__Entries provided__.
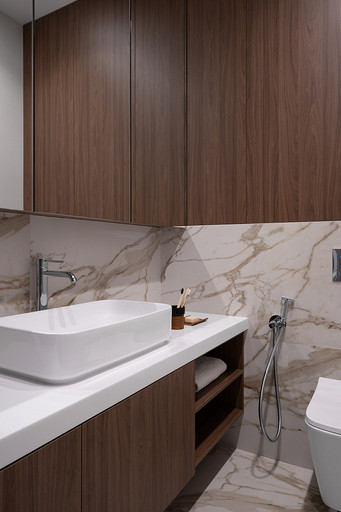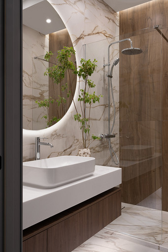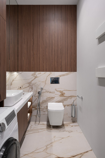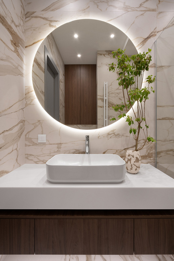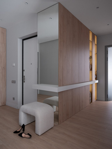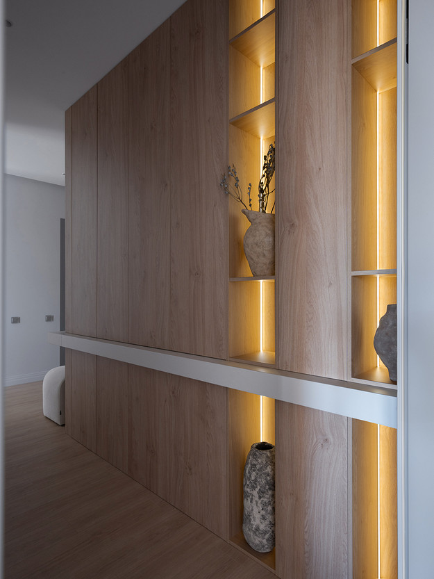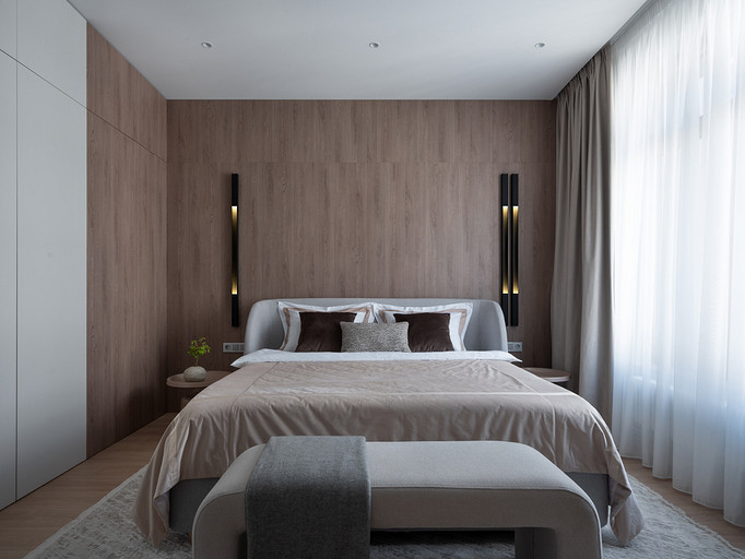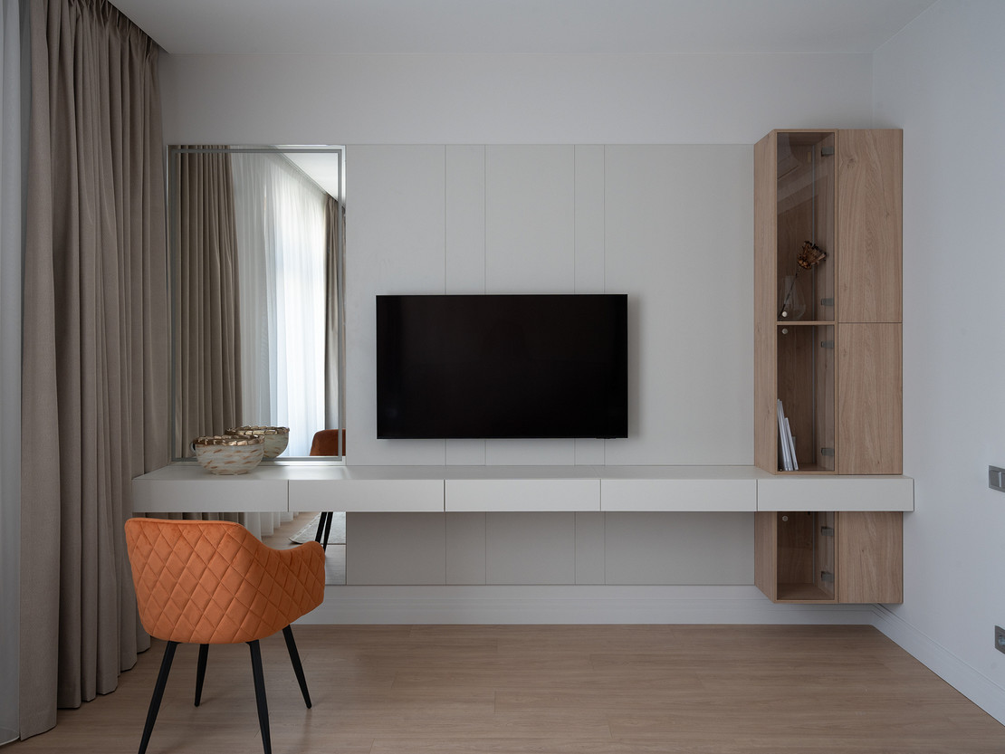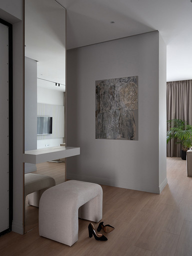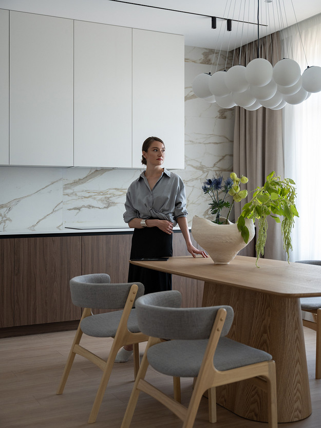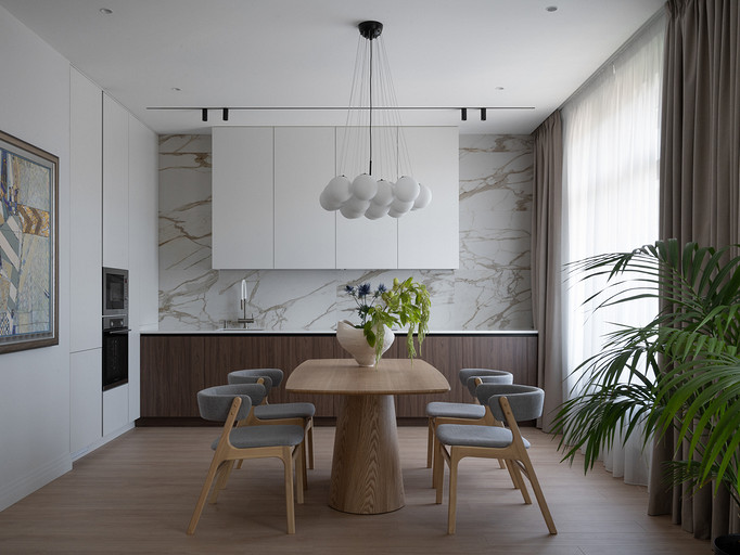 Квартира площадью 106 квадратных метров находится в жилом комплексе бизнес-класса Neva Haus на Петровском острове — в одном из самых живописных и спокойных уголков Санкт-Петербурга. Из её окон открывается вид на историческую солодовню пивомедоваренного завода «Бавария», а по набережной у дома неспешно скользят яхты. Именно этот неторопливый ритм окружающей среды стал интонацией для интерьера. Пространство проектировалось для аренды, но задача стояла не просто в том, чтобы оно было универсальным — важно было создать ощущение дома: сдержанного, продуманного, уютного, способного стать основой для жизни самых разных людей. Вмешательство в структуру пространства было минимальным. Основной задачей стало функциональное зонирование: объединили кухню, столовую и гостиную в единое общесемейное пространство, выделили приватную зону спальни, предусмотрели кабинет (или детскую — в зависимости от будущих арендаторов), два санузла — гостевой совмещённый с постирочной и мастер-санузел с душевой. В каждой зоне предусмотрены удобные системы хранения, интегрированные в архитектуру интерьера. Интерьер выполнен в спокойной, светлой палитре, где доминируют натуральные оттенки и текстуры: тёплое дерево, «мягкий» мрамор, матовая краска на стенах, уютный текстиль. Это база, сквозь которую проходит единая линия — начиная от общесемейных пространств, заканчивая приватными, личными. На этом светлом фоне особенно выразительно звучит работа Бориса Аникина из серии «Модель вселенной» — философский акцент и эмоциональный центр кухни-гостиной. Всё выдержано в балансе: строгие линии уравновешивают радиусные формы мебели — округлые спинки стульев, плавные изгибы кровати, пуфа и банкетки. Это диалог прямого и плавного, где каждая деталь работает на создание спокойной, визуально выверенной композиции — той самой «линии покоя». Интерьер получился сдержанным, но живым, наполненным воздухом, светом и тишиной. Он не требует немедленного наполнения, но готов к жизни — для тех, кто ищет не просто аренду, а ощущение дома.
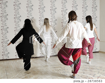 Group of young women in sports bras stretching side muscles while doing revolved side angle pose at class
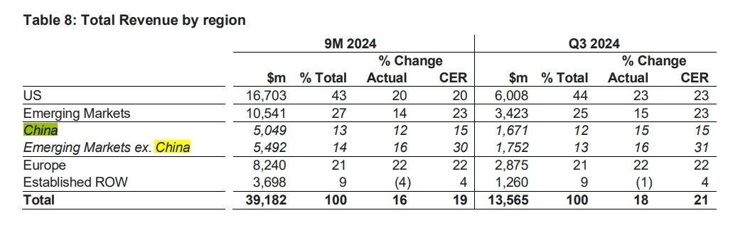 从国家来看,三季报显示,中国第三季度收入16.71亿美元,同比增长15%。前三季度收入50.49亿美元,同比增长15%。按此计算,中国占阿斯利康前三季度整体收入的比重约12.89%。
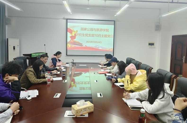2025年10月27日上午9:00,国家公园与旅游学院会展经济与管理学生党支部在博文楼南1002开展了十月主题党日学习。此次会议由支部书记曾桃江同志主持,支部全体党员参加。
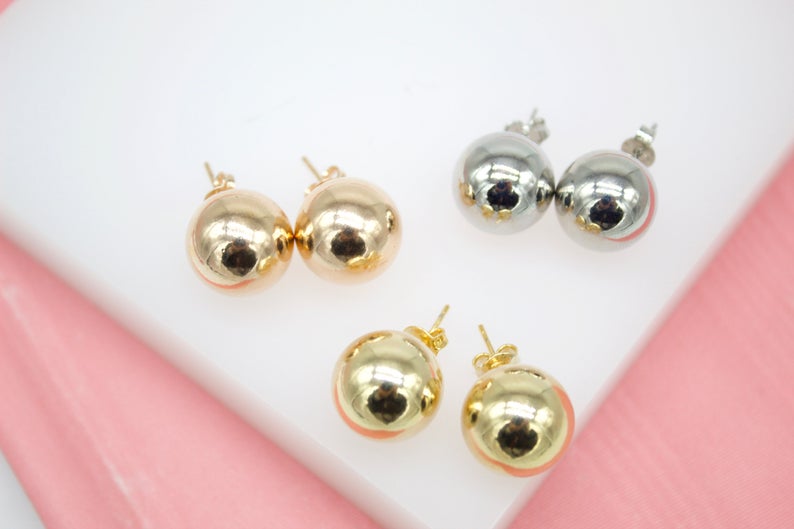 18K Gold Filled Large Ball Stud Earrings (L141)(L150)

--

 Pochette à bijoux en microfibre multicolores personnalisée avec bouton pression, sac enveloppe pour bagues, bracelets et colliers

__Work instructions__.
What's needed is an exact copy of the lines above from the one with "Group of young" through the one with "18K Gold Filled", both included; the pictures stay out.

__Exercise answer__.
 Group of young women in sports bras stretching side muscles while doing revolved side angle pose at class
 从国家来看,三季报显示,中国第三季度收入16.71亿美元,同比增长15%。前三季度收入50.49亿美元,同比增长15%。按此计算,中国占阿斯利康前三季度整体收入的比重约12.89%。
2025年10月27日上午9:00,国家公园与旅游学院会展经济与管理学生党支部在博文楼南1002开展了十月主题党日学习。此次会议由支部书记曾桃江同志主持,支部全体党员参加。
 18K Gold Filled Large Ball Stud Earrings (L141)(L150)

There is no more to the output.